Hélène Conway-Mouret a posé une question difficile : « Qu’attendent de nous les Djiboutiens ? Avec les Chinois, c’est trop tard, ils sont pieds et poings liés, pour avoir accepté des infrastructures parfois non nécessaires : ainsi, du second port. Quant à la voie de chemin de fer, elle transporte des marchandises chinoises vers toute l’Afrique de l’Est.

Ladislas Poniatowski a fourni une bonne réponse, quoique vague : « Trois pays sont incontournables en Afrique : la République Démocratique du Congo, le Nigéria et l’Éthiopie. Djibouti est le port de l’Éthiopie. Face à la Chine, nous ne sommes plus l’acteur principal, mais il faut rester, bien sûr, si la France veut rester la France ! »

 

D’accord, mais concrètement, que fait-on ? Les tensions générées par la stratégie chinoise s’accumulent. Les Djiboutiens attendent que les entreprises françaises recommencent à investir. Ils se méfient désormais des financements chinois. Mais les acteurs économiques sont arrêtés par l’absence de garanties et des problèmes de corruption. Les Djiboutiens souhaitent aussi acquérir du matériel militaire français : une mission militaire récente a souligné l’importance de leurs besoins mais le financement dont ils disposent, en provenance d’Arabie Saoudite, se limiterait pour l’instant à 50 millions d’euros. L’aide saoudienne pourrait permettre notamment d’acheter des vedettes rapides pour protéger les côtes djiboutiennes.

La Chine a annoncé qu’elle accueillera le forum inaugural Chine-Afrique sur la défense et la sécurité à la fin de ce mois, signalant son engagement croissant en Afrique.
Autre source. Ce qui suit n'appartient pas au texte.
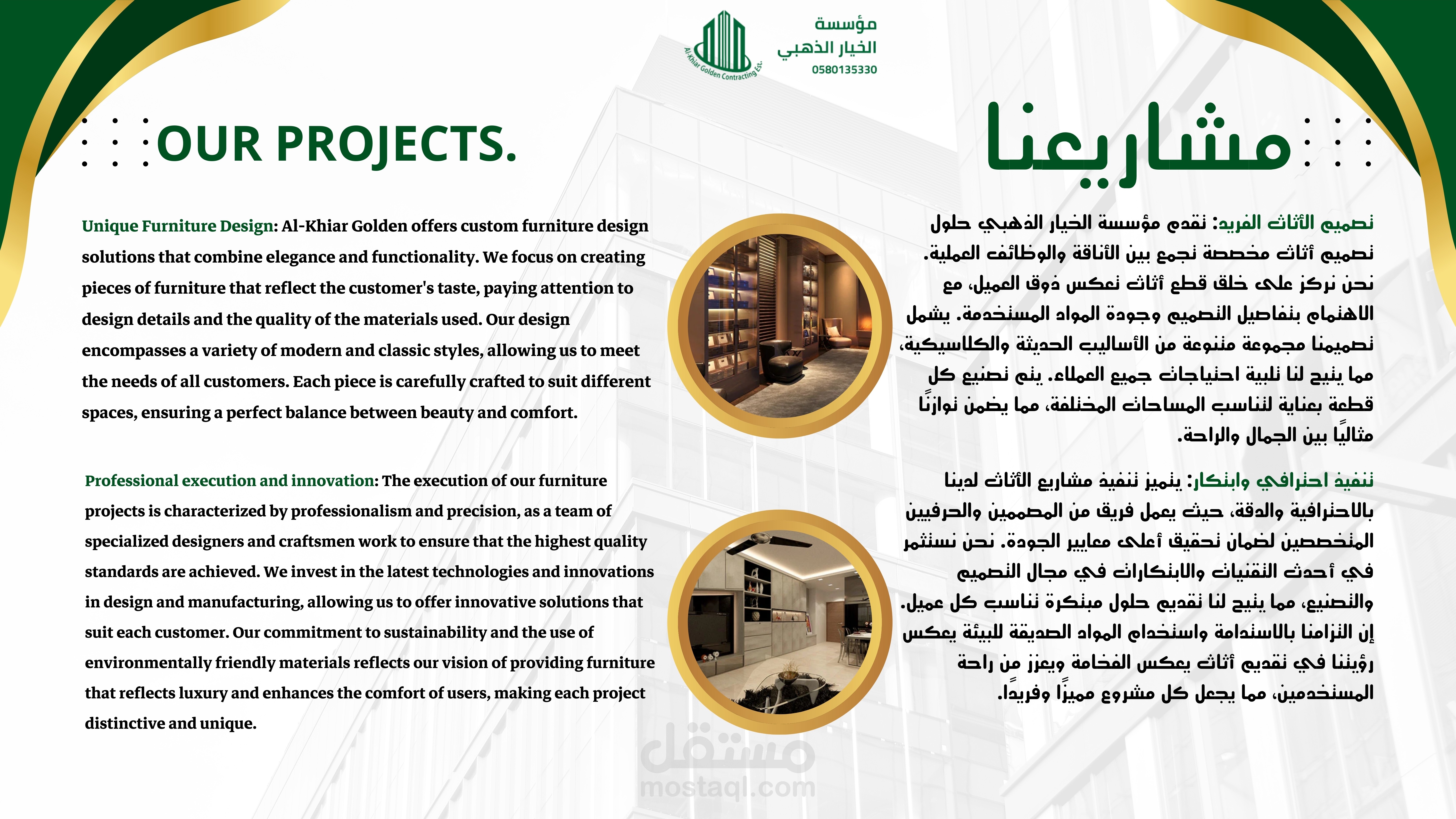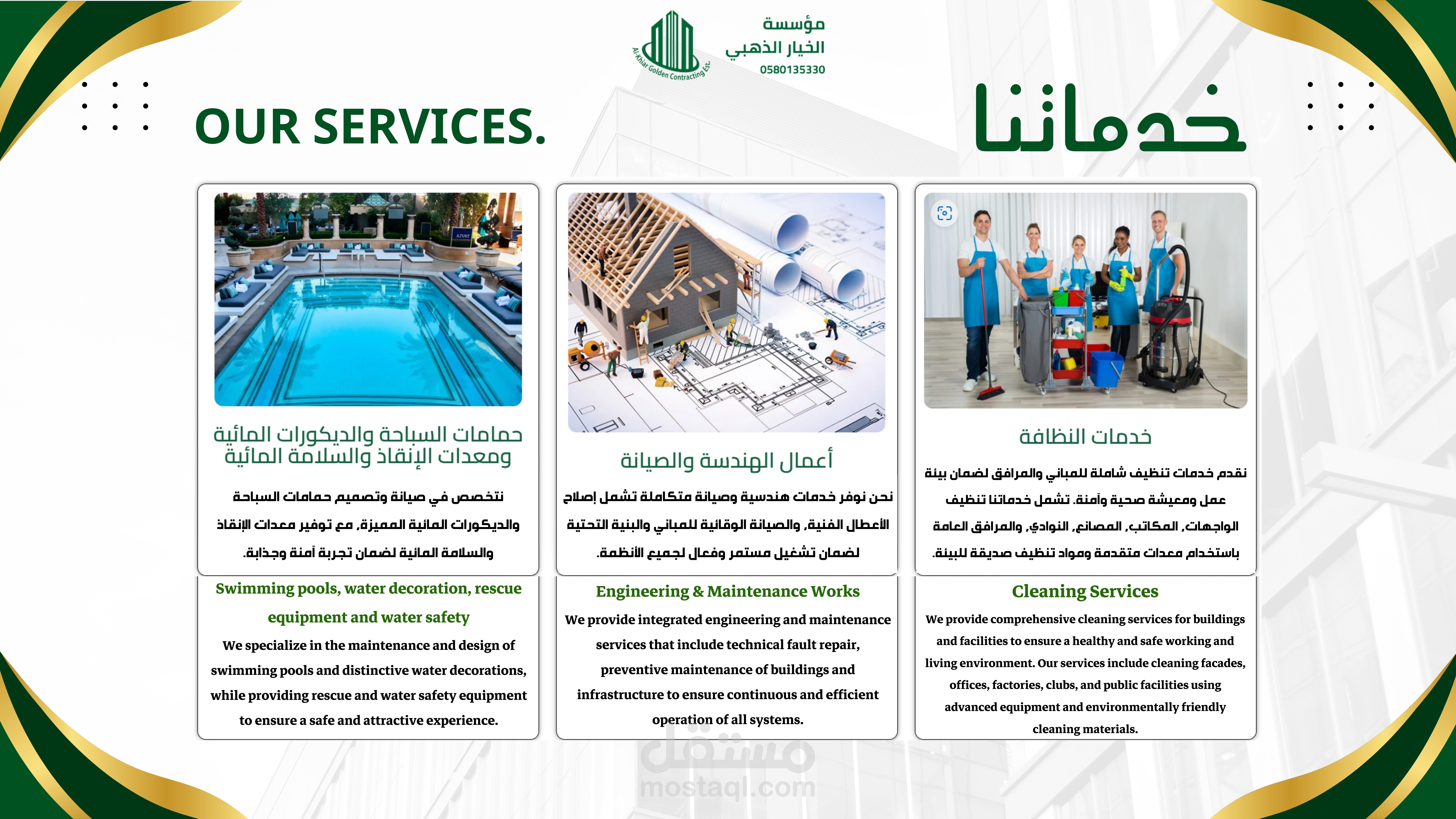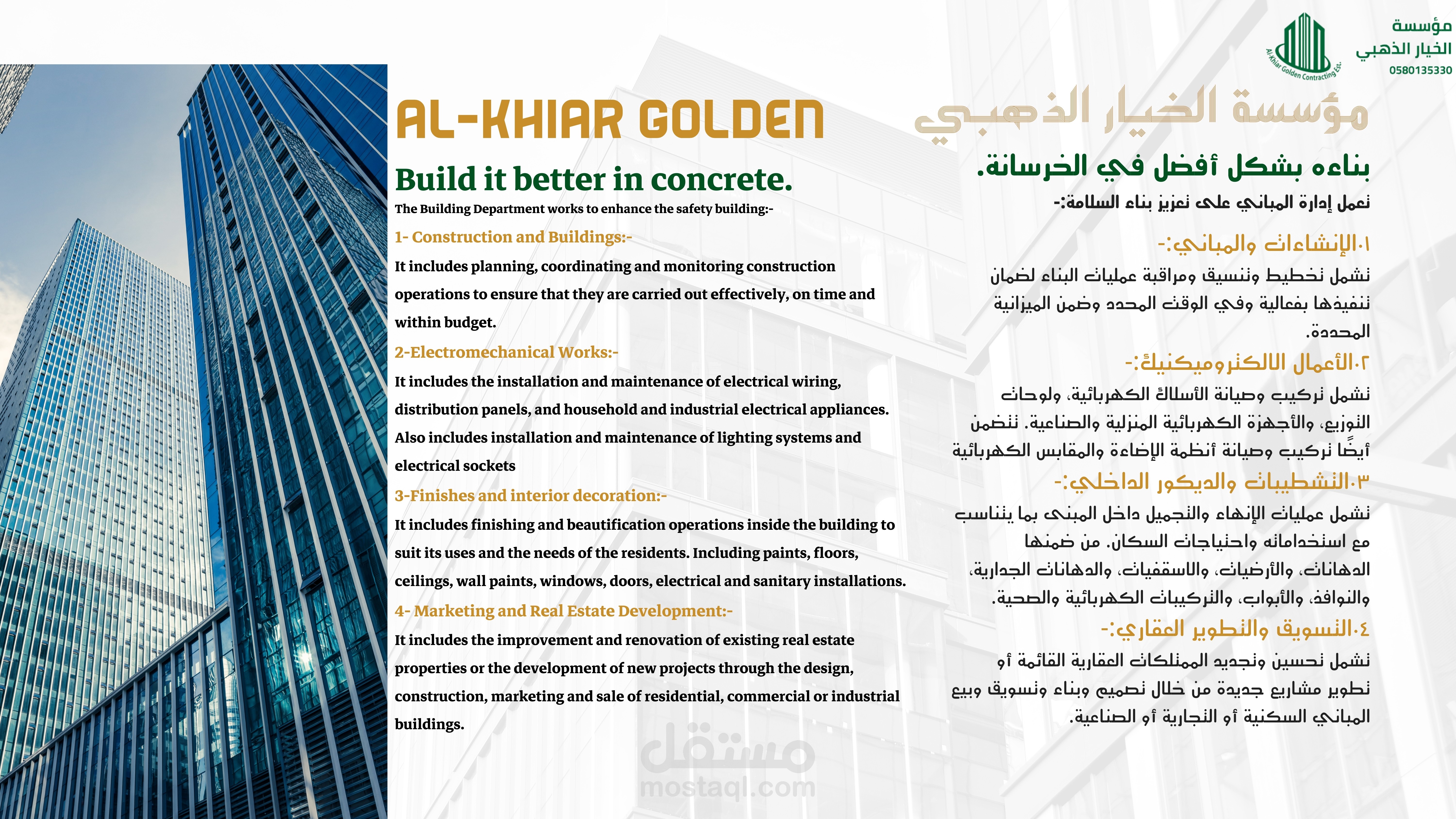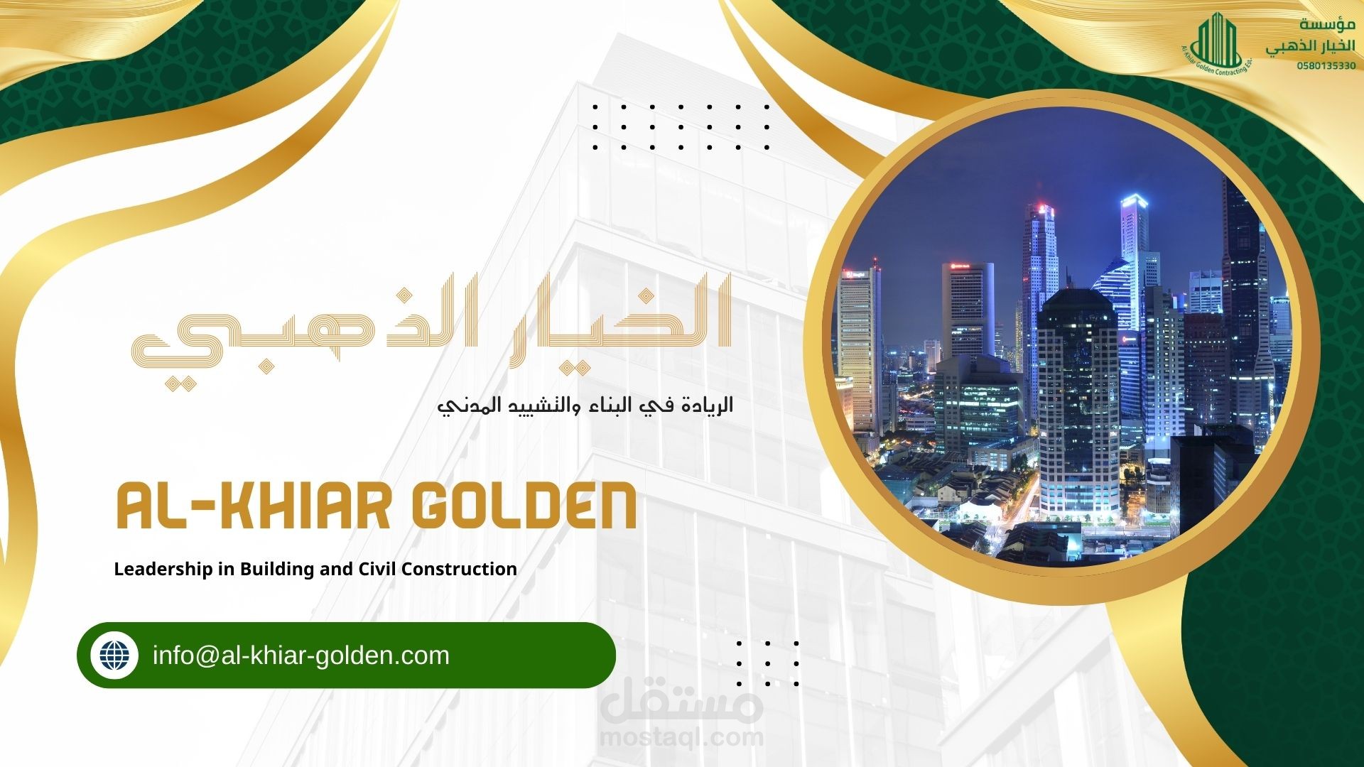 تم عمل تصميم بروفايل احترافي وابداعي لشركة الخيار الذهبي السعودية. تم تقديمه بطريقة تناسب هوية الشركة وتعكس قيمها وأهدافها.

Les responsables militaires affirment que le sommet se concentrera sur les questions de sécurité régionale, le financement et l’amélioration des capacités de sécurité de l’Afrique et l’amélioration de la coopération en matière de défense.

Ce forum intervient dans un contexte de relations politiques et économiques sino-africaines croissantes, avec des liens diplomatiques croissants, des investissements dans les infrastructures indispensables et la formation de la prochaine génération d’élites africaines. La Chine s’efforce de se projeter en tant que puissance mondiale responsable et de créer une image positive d’elle-même sur la scène mondiale. Cela est particulièrement vrai en Afrique, où elle a encouragé la coopération économique gagnant-gagnant, l’assistance mutuelle en matière de sécurité et la solidarité dans les affaires internationales.
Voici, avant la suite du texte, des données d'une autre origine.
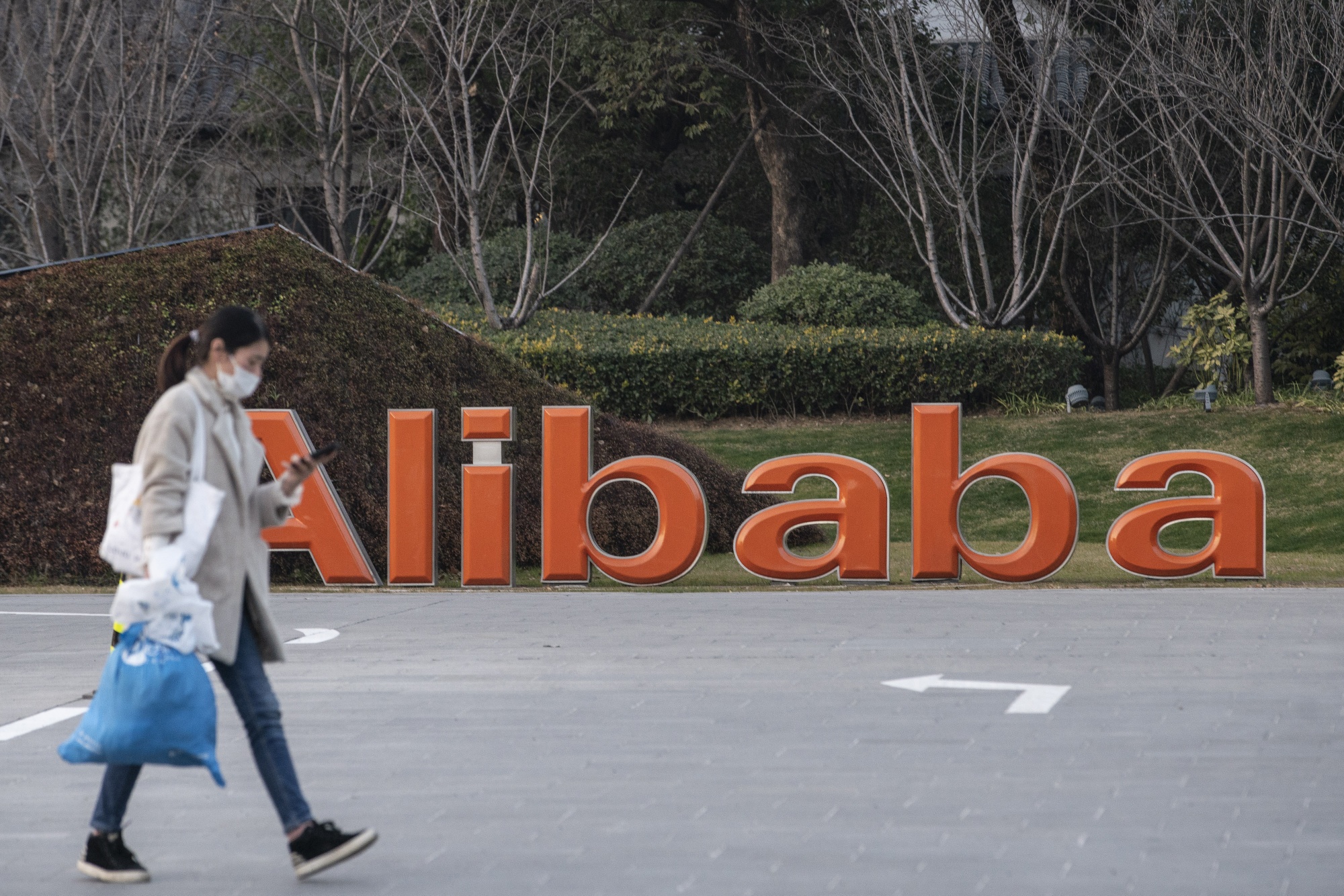 一名女子走过中国杭州阿里巴巴集团总部外的标志。
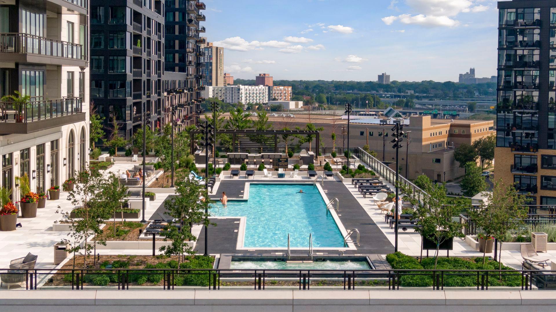 Experience luxury at Eleven on the River, Minneapolis’ premier residential address. Designed by Robert A.M. Stern Architects, this stunning three bedroom, three bath home offers 2,623 square feet of elegant living with panoramic views of the Mississippi River, Gold Medal Park, Stone Arch Bridge, and the downtown skyline. The open layout features a chef’s kitchen with Wolf and Sub-Zero appliances, custom cabinetry, and a large center island. A formal dining room is perfect for special meals, while the living area, anchored by a gas fireplace with custom stone surround, benefits from eleven-foot ceilings and floor-to-ceiling windows. A private, covered, heated loggia extends the living space outdoors, enhancing its scenic surroundings. The primary suite includes a spa-style bath and custom walk-in closet. Two additional bedrooms offer flexible space for guests, office or den. Hardwood floors, premium finishes, motorized shades, high-performance window glazing, and two heated garage parking spaces with EV charger complete the top-of-the-line touches. Residents enjoy world-class amenities: 24-hour concierge, gym, yoga studio, pool, hot tub, sauna, billiard room with wet bar, club and dining rooms, golf simulator, sport court, boardroom, and library. Direct access to riverfront trails and parks complements this exceptional urban living experience.

La coopération en matière de défense est à considérer comme un effort de la Chine pour sécuriser ses intérêts stratégiques à l’étranger. Cela comprend l’initiative « One Belt One Road » qui prévoit 1 milliard de dollars d’investissements dans l’infrastructure et d’autres projets le long des routes commerciales reliant la Chine à l’Europe, la Russie, l’Asie centrale et du Sud-Est et l’Afrique.

Selon Theodor Neethling, qui dirige le département d’études politiques de l’Université de Free State en Afrique du Sud, la Chine a fortifié ses investissements en Afrique en prenant progressivement une part active aux Nations Unies. Au cours de la dernière décennie, la Chine a accru son rôle dans les missions de maintien de la paix : des cinq membres permanents du Conseil de sécurité de l’ONU, elle est le plus grand contributeur de maintien de la paix et parmi les douze premiers contributeurs mondiaux. La Chine a fourni des troupes aux missions de l’ONU au Soudan du Sud, où elle a des intérêts pétroliers, en République démocratique du Congo, qui fournit du cobalt et du cuivre, et au Mali.

Les Africains feraient bien de réaliser que la politique chinoise de non-interférence dans les affaires intérieures des pays où ils s’installent économiquement et militairement appartient au passé. Alors le rôle d’une présence – notamment militaire – de la France à Djibouti apparaît crucial dans cette région.